Landaburu dio muestras de querer hacer realidad esa idea. Pese a su exilio, mantuvo relación con personas de toda ideología que vivían en el País Vasco. Hay que recordar, por ejemplo, que durante la Dictadura de Primo de Rivera había compartido la dirección del denominado Grupo Baraibar (creado por Eusko Ikaskuntza para promover el euskera en Álava) con José María Díaz de Mendívil, un euskaltzale que fue presidente de la Diputación alavesa durante el primer franquismo. En 1950, Landaburu escribió una carta personal al obispo de Vitoria, José María Bueno Monreal, felicitándole por su discurso de entrada en la Diócesis.

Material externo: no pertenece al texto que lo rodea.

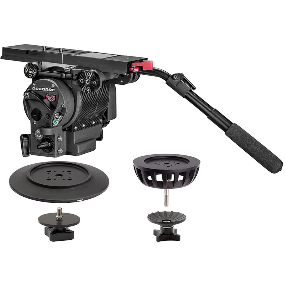 The Ultimate 2560 Fluid Head Package from OConnor is designed for use with the current crop of digital cinema cameras. Weighing less than 18 pounds, 2560 is capable of supporting camera payloads up to 66 pounds at a 6" center of gravity above the platform, making it well suited for cameras such as the ARRI Alexa in a portable configuration or any lightweight digital cinema camera in a full studio configuration. The head comes packaged with both a Mitchell base and a 150mm ball base adapters with tie-downs for expanded tripod compatibility. It also comes with a large Euro-style quick release for rapid mounting and dismounting of large camera rigs, a pan handle, and a pan handle extension.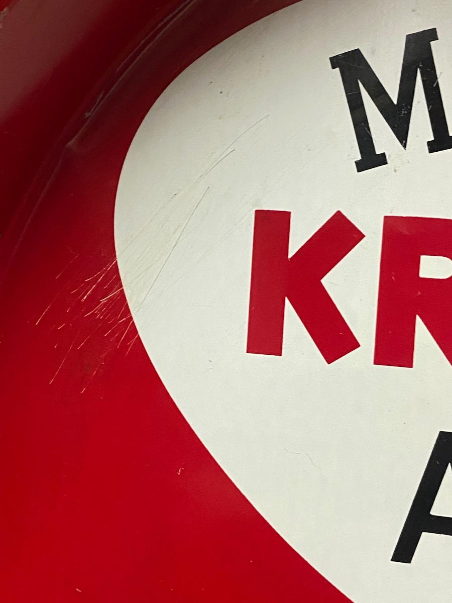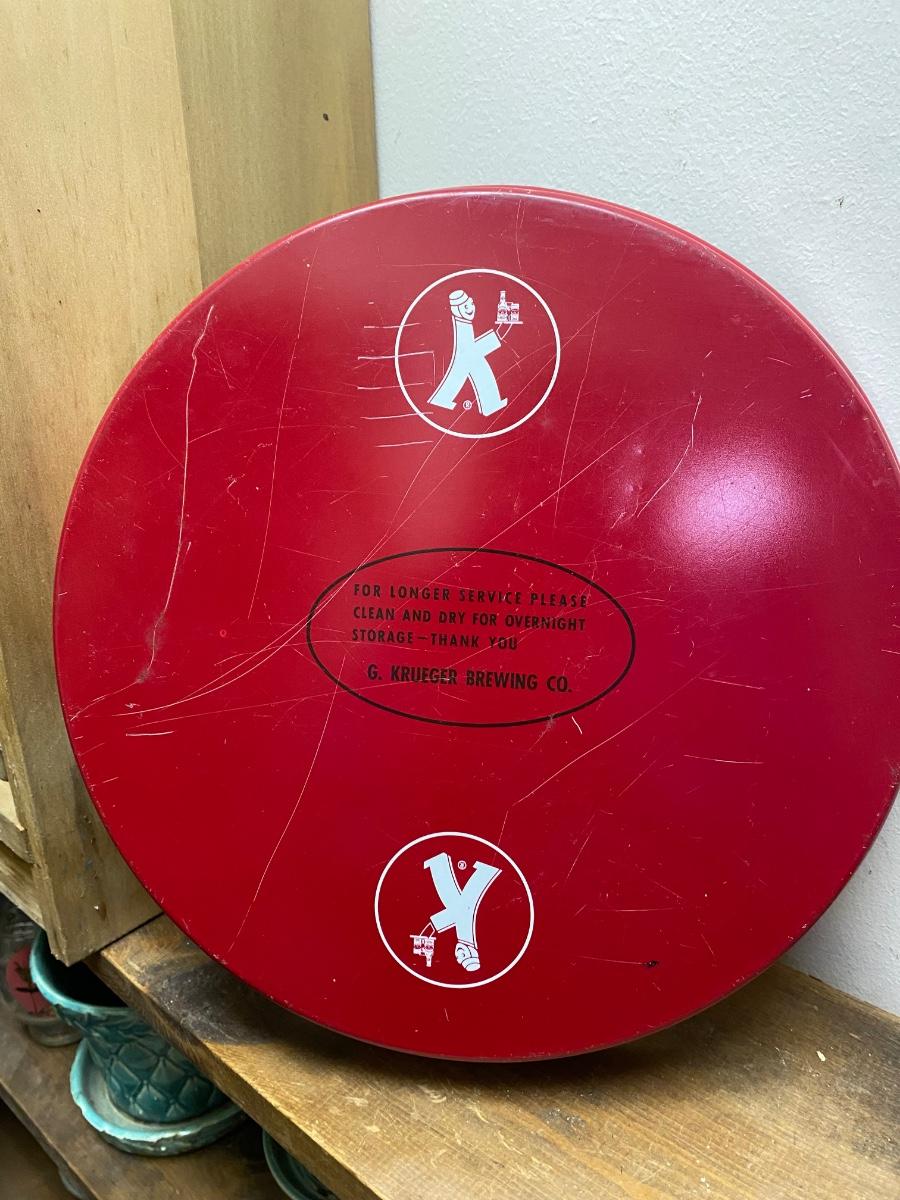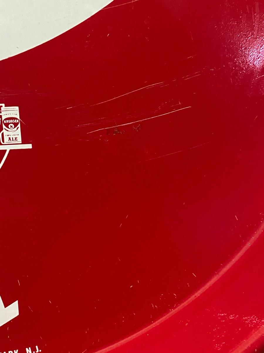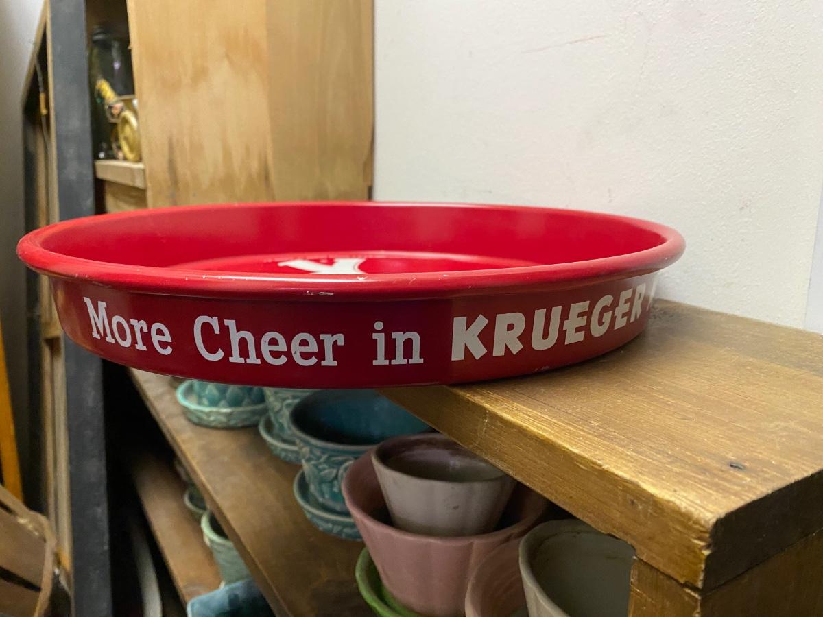 Vintage metal Krueger Ale-Beer serving tray. Has scratches on front and back. 13" diameter.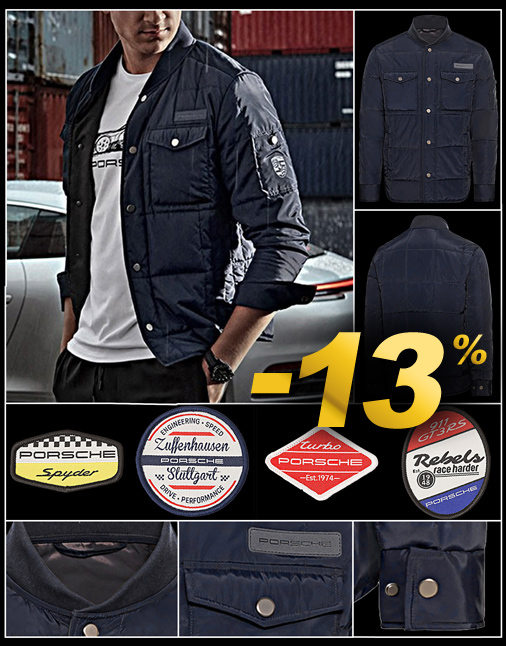 Veste homme Porsche Quatre badges brodés à coudre inclus - Taille ajustable par boutons Veste matelassée légèrement chatoyante - Couleur Bleu foncé Matière 100% polyester - Deux poches latérales / Une poche intérieure Porsche WAP721NPOR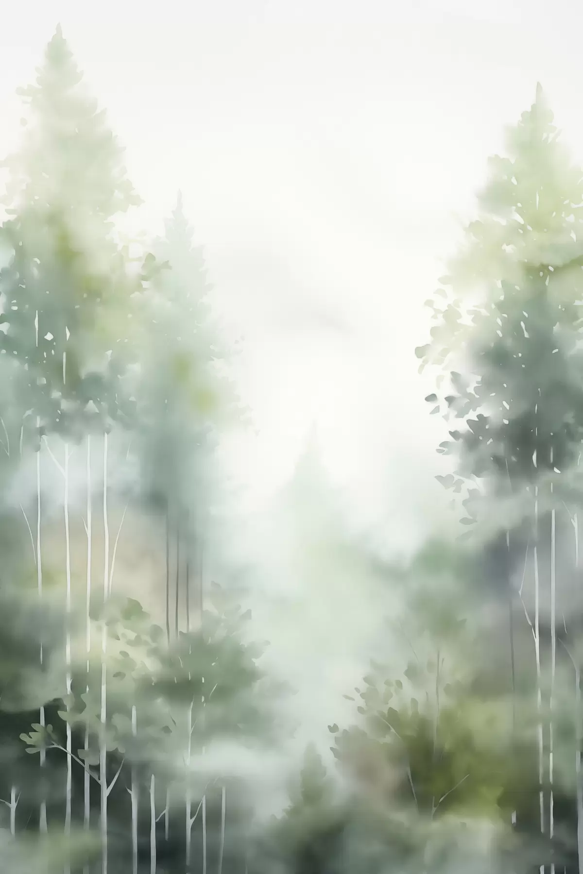 Tablouri Imitatie de pictura in acuarela reprezentand o padure abstracta cu copaci inalti si frunziș verde, culori delicate si discrete s46689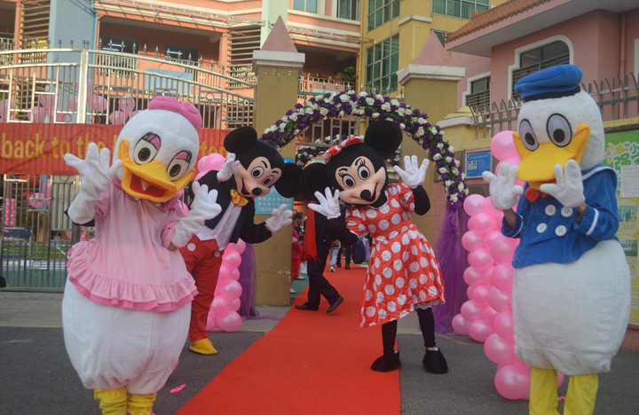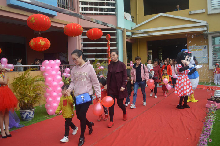 7:30開學(xué)典禮就正式開始啦!在老師們、卡通人物的迎接下,家長與寶寶們伴隨著歡快的音樂,快樂的歡呼起來;用互動的方式開啟了一系列的環(huán)節(jié):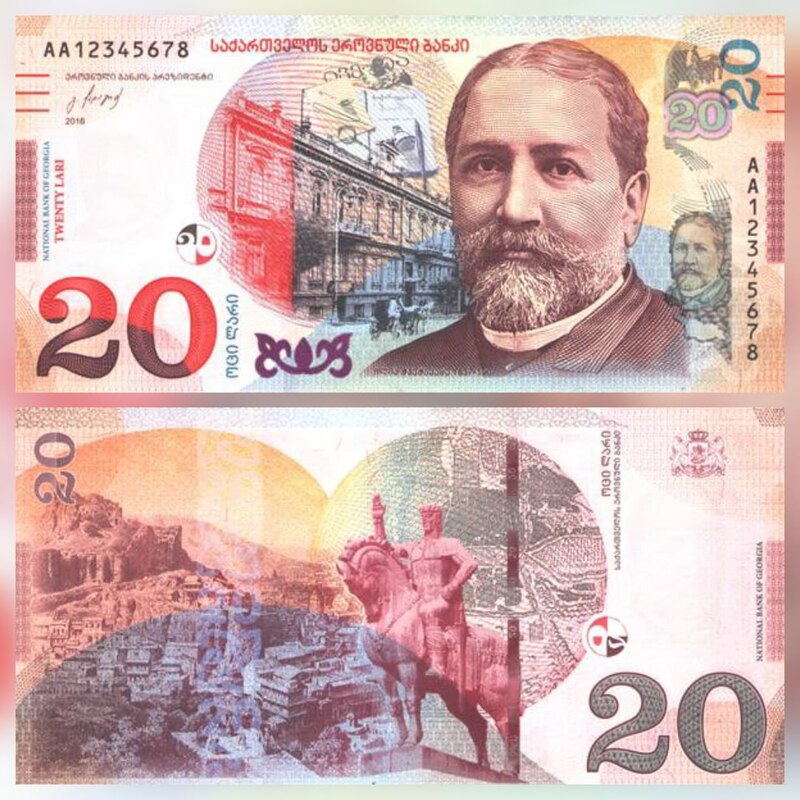 2️⃣0️⃣ лари. На лицевой стороне – портрет общественного деятеля Чавчавадзе и основанные им журнал «Вестник Грузии» и газета «Иверия». На обратной стороне – панорама Тбилиси и памятник царю-основателю города Вахтангу Горгасали.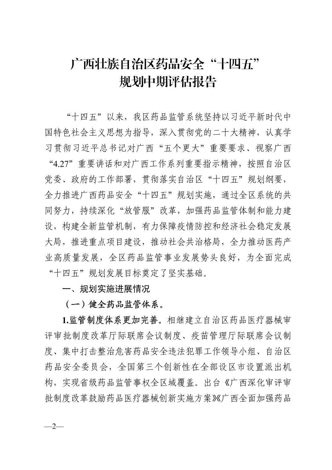 广西壮族自治区药品监管局关于报送广西药品安全“十四五”规划中期评估报告的函 - 中长期规划 - 做爱影片 网站 - zayingpian.com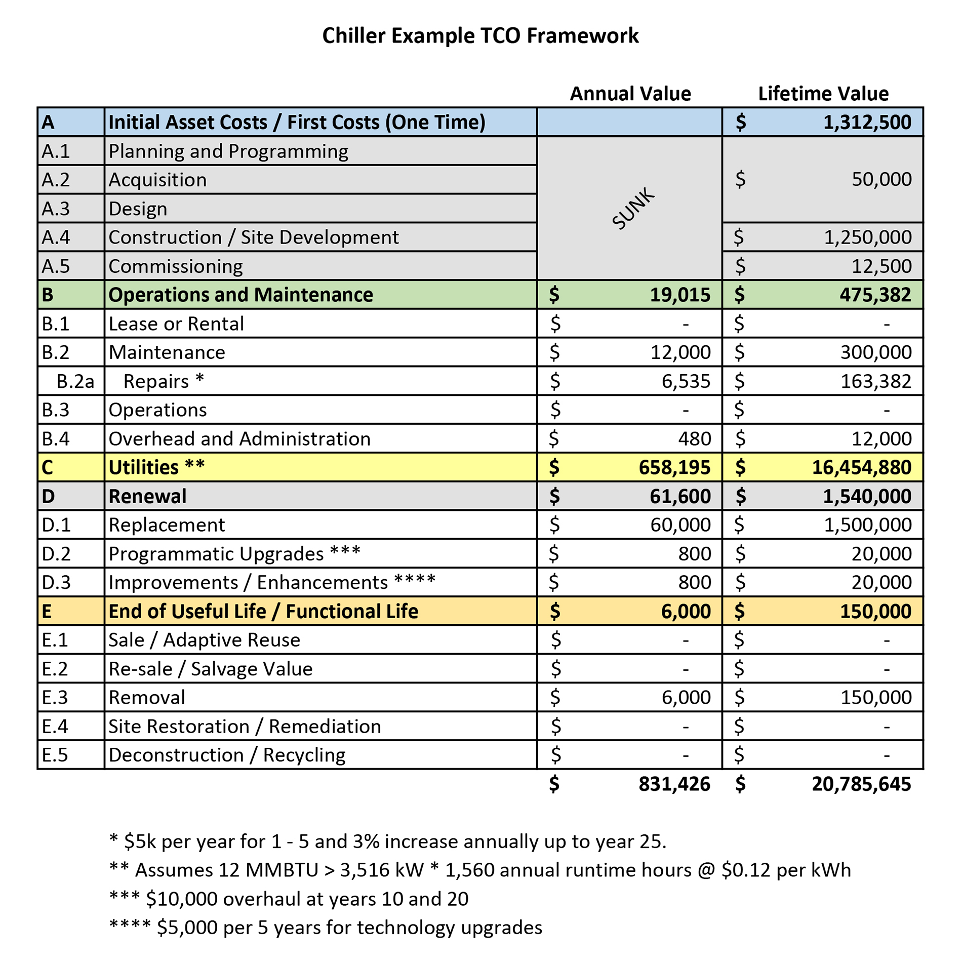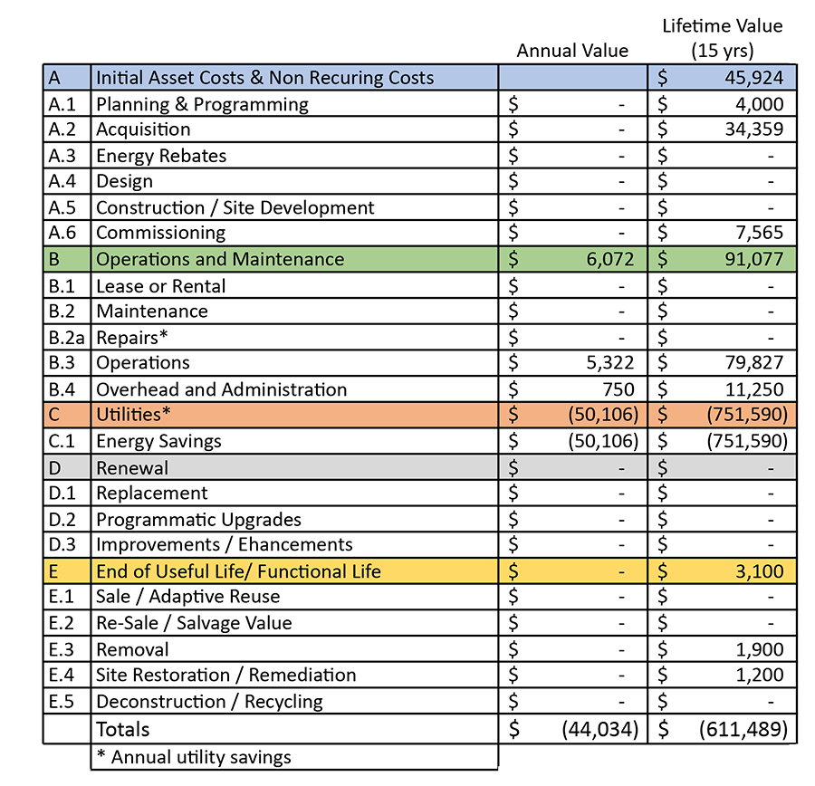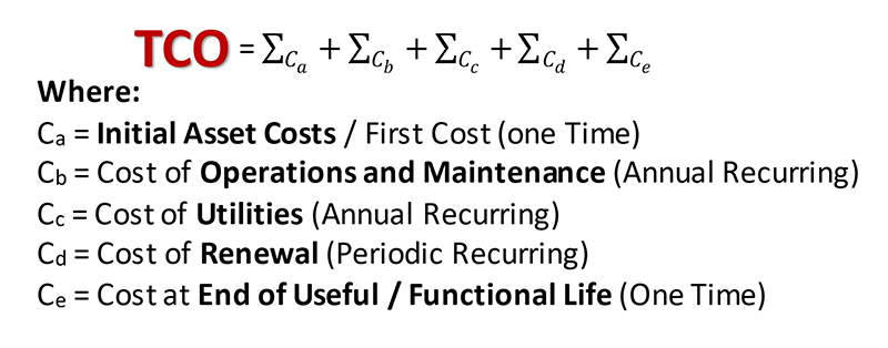 According to APPA, the APPA TCO-1000 standard is “a holistic approach to maximizing return on investment of managed physical assets that includes the summation of all known and estimated costs to include first, recurring, renewal/replacement, and end-of-useful life costs revised at critical decision points to aid in life-cycle asset management decisions.”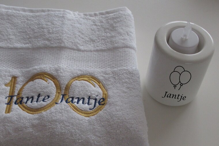 Wordt iemand binnenkort 100 jaar? Dan is deze handdoek 100 jaar met naam en leeftijd het ultieme cadeau voor deze uitzonderlijke mijlpaal! De leeftijd 100 wordt standaard groot op de handdoek geborduurd, met de naam van de jarige er stijlvol doorheen verwerkt. Andere leeftijd? Wil je een andere leeftijd laten borduren? Dit is ook mogelijk, maar deze opties zijn niet standaard beschikbaar. Neem in dat geval even contact met ons op om de mogelijkheden te bespreken.

Sus palabras habían «puesto mucho bálsamo en las heridas que por sólo defender nuestra personalidad alavesa y vasca venimos sufriendo hace muchos años algunos hombres que dentro y fuera de casa hemos proclamado siempre nuestros sentimientos cristianos». El obispo le respondió con gran cordialidad, deseándole que pronto terminara su exilio y ofreciéndose a estudiar sus «deseos y puntos de vista», pues su aspiración era estar en «estrecho contacto con todos los diocesanos», incluyendo a los exiliados.
La esperanza de Landaburu se hizo realidad en la Transición. En 1978, antes incluso de la elección del primer ayuntamiento democrático, una calle de Vitoria fue bautizada con su nombre. Sus cenizas fueron traídas desde París para ser enterradas en el cementerio de su ciudad natal. En 2008, la Diputación Foral, presidida por Xabier Agirre (PNV), le concedió la Medalla de Álava a título póstumo, como reconocimiento a su labor a favor «de Álava y de sus valores», destacando su «vocación europeísta» y su «disposición al diálogo» entre diferentes. Todas ellas son lecciones que merece la pena recordar.